*** Opening Collected material ***

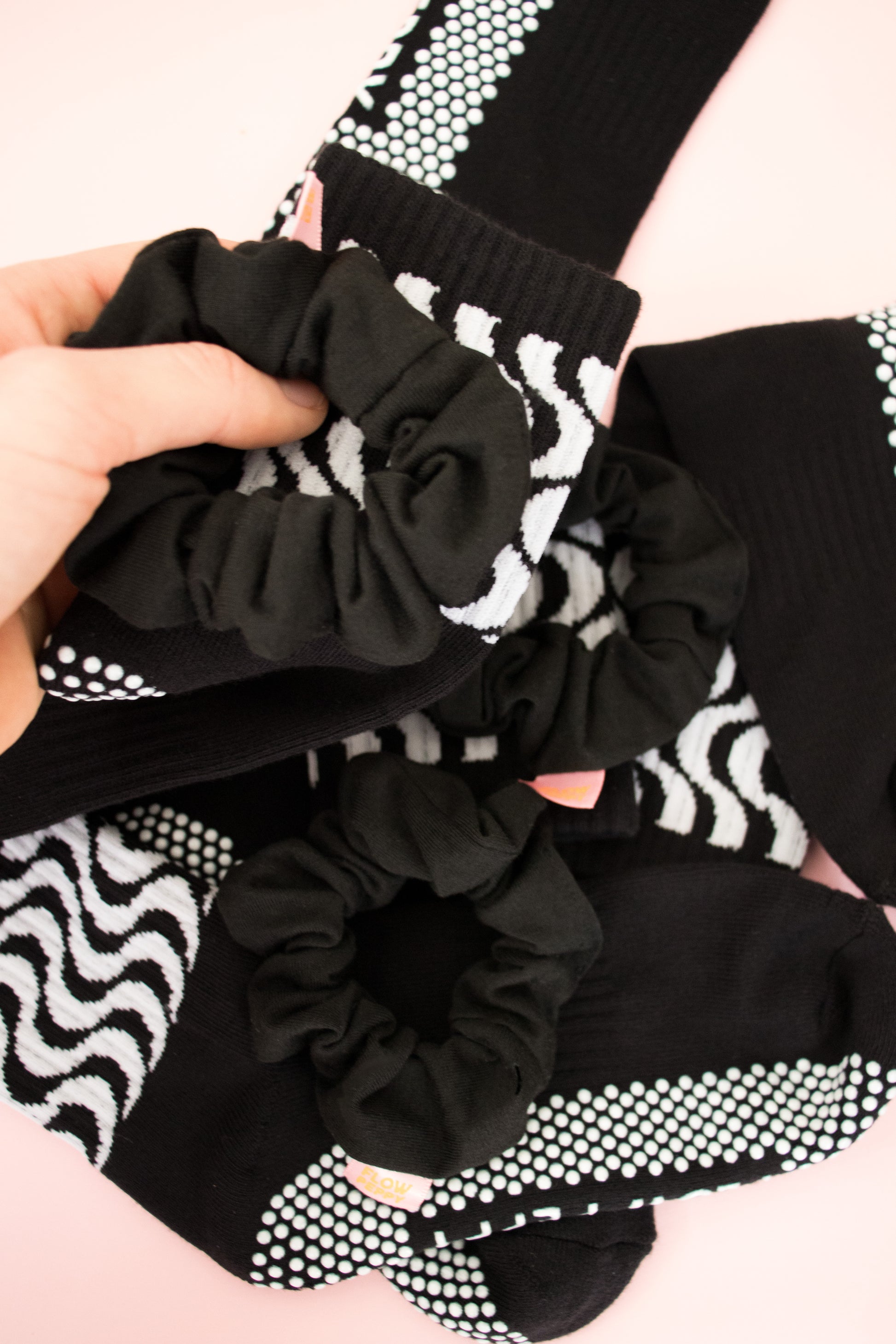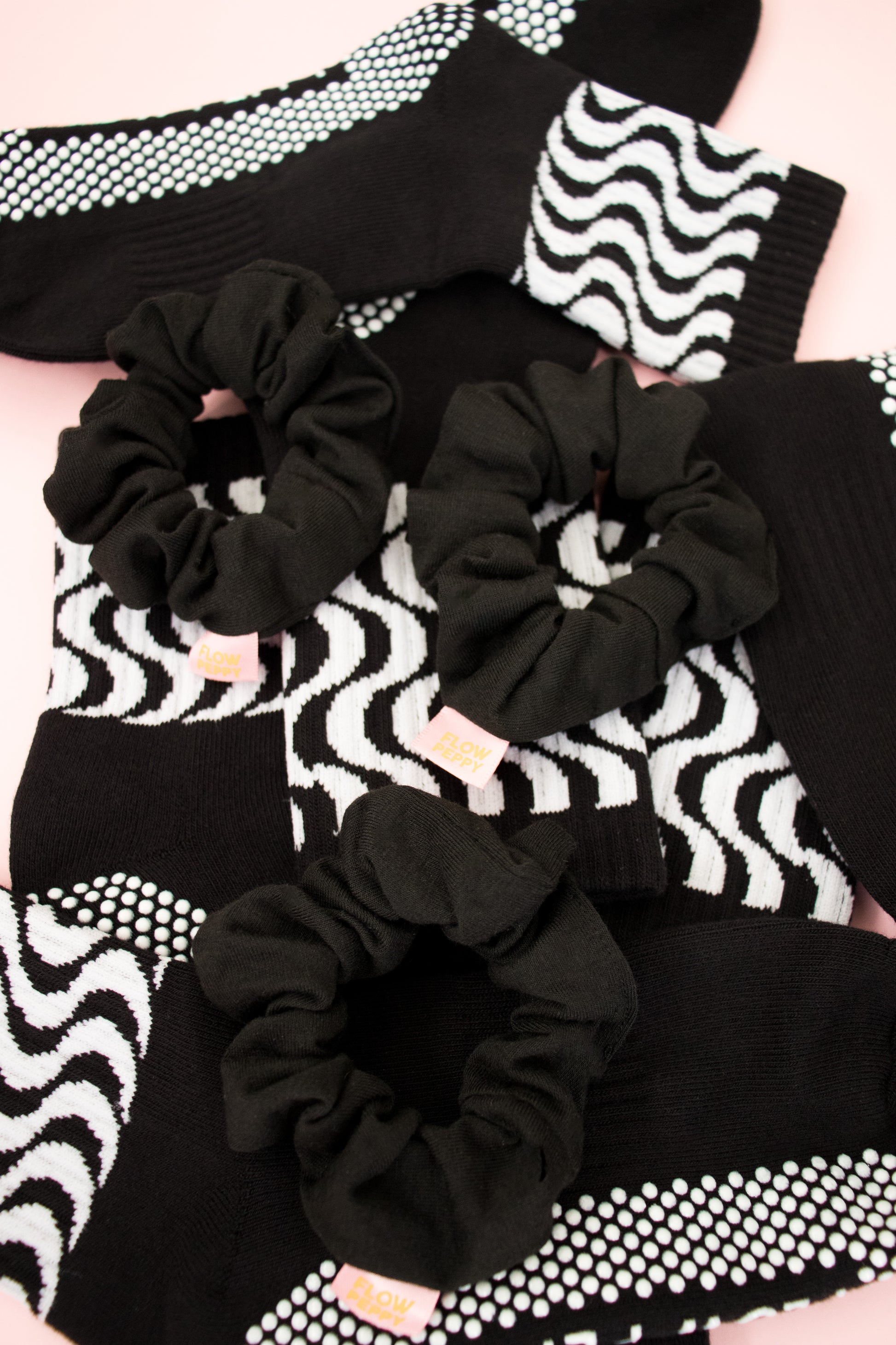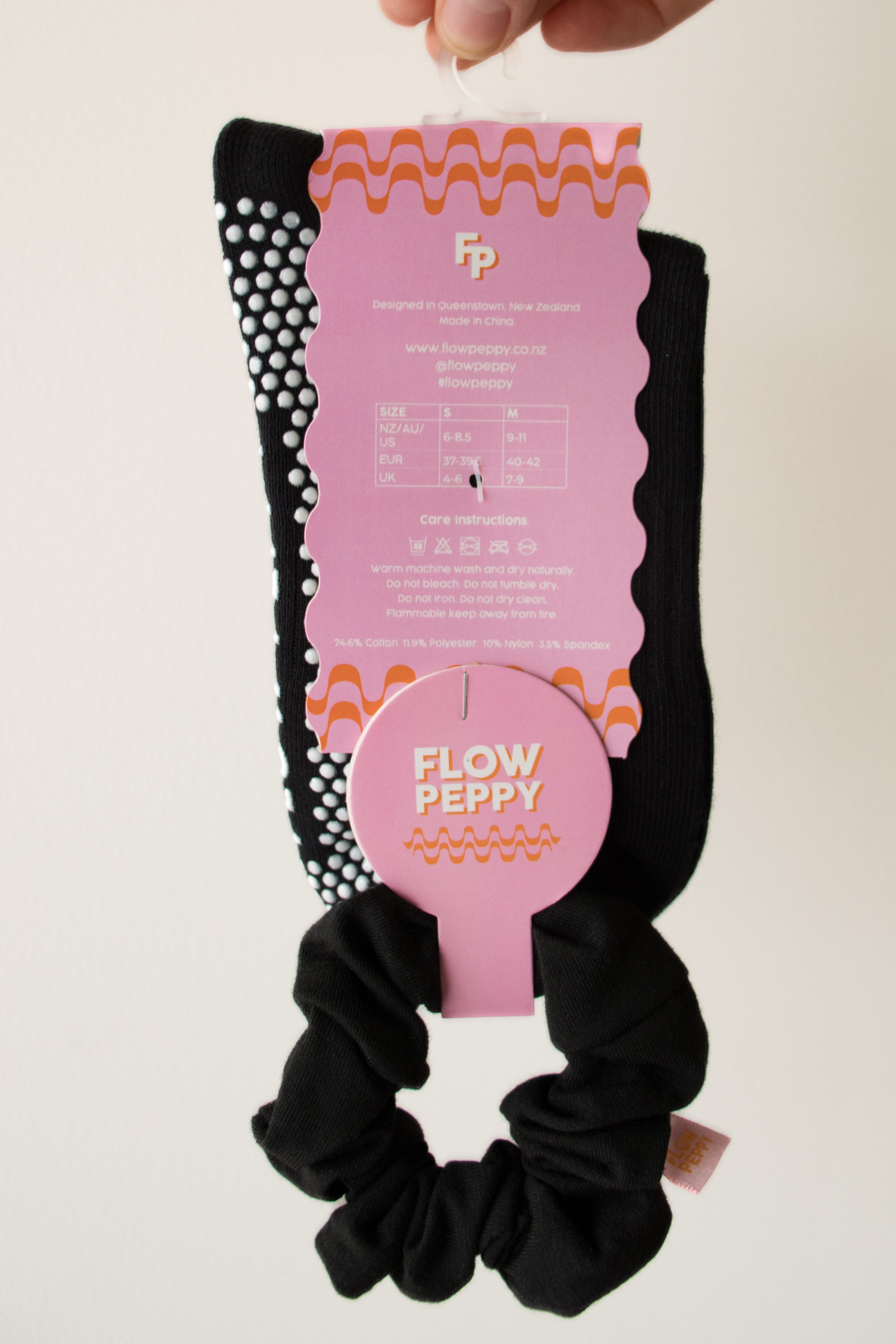 Bringing the good vibes to your feet and your hair with our playful Peppy's. This set pairs the magnetic Rhythm crew sock with the sleek black Peppy scrunchie, the ultimate duo for matching your energy from head to toe.
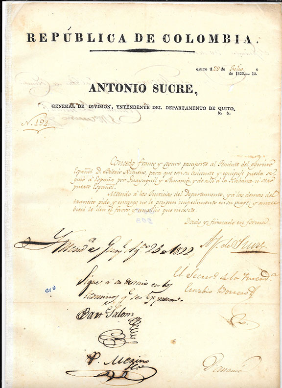 Partly printed document signed, one full page, measures appx. 8”x12” headed “Republica De Columbia, Quito July 29, 1822. This is a pass to permit a military officer for his up coming journey from Colombia via panama to Habana, Cuba. A wonderful signature of Sucre. In addition several other has signed this document as well. Professionally laminated keeping this document if fine plus condition. All writing nice and dark..................................$895.00
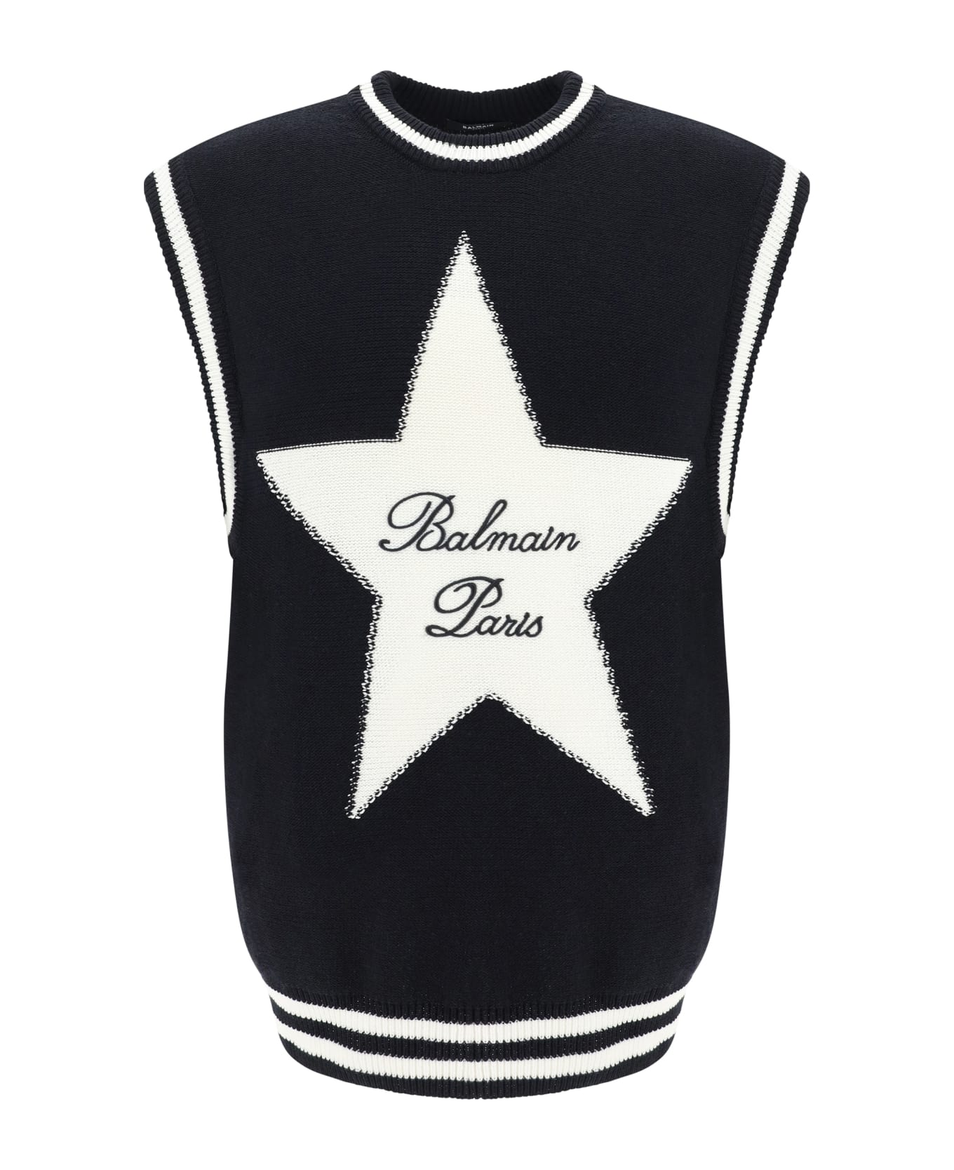 Vest by balmain, ribbed crew neck and hem, iconic contrasting embroidered monogram on front, regular fit. Composition: 44% % Cotton, 44% % Lyocell, 12% % Polyamide
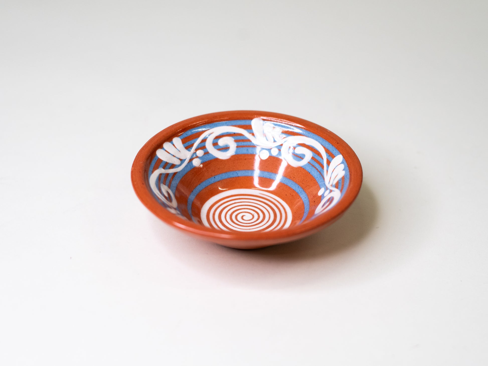 A charming vintage bowl by Finnish ceramicist Gudrun Raunio for Kupittaan Savi. The terracotta base carries a lively hand-painted decoration in white and blue: a swirling, almost hypnotic pattern that feels both folk-art inspired and distinctly mid-century. Each brushstroke shows the natural irregularity of handwork that defined Kupittaa’s production.

*** Closing Collected material ***

Exercise aim ▸ The result should be an exact copy of the material, containing no pictures.

Result ▸
 Bringing the good vibes to your feet and your hair with our playful Peppy's. This set pairs the magnetic Rhythm crew sock with the sleek black Peppy scrunchie, the ultimate duo for matching your energy from head to toe.
 Partly printed document signed, one full page, measures appx. 8”x12” headed “Republica De Columbia, Quito July 29, 1822. This is a pass to permit a military officer for his up coming journey from Colombia via panama to Habana, Cuba. A wonderful signature of Sucre. In addition several other has signed this document as well. Professionally laminated keeping this document if fine plus condition. All writing nice and dark..................................$895.00
 Vest by balmain, ribbed crew neck and hem, iconic contrasting embroidered monogram on front, regular fit. Composition: 44% % Cotton, 44% % Lyocell, 12% % Polyamide
 A charming vintage bowl by Finnish ceramicist Gudrun Raunio for Kupittaan Savi. The terracotta base carries a lively hand-painted decoration in white and blue: a swirling, almost hypnotic pattern that feels both folk-art inspired and distinctly mid-century. Each brushstroke shows the natural irregularity of handwork that defined Kupittaa’s production.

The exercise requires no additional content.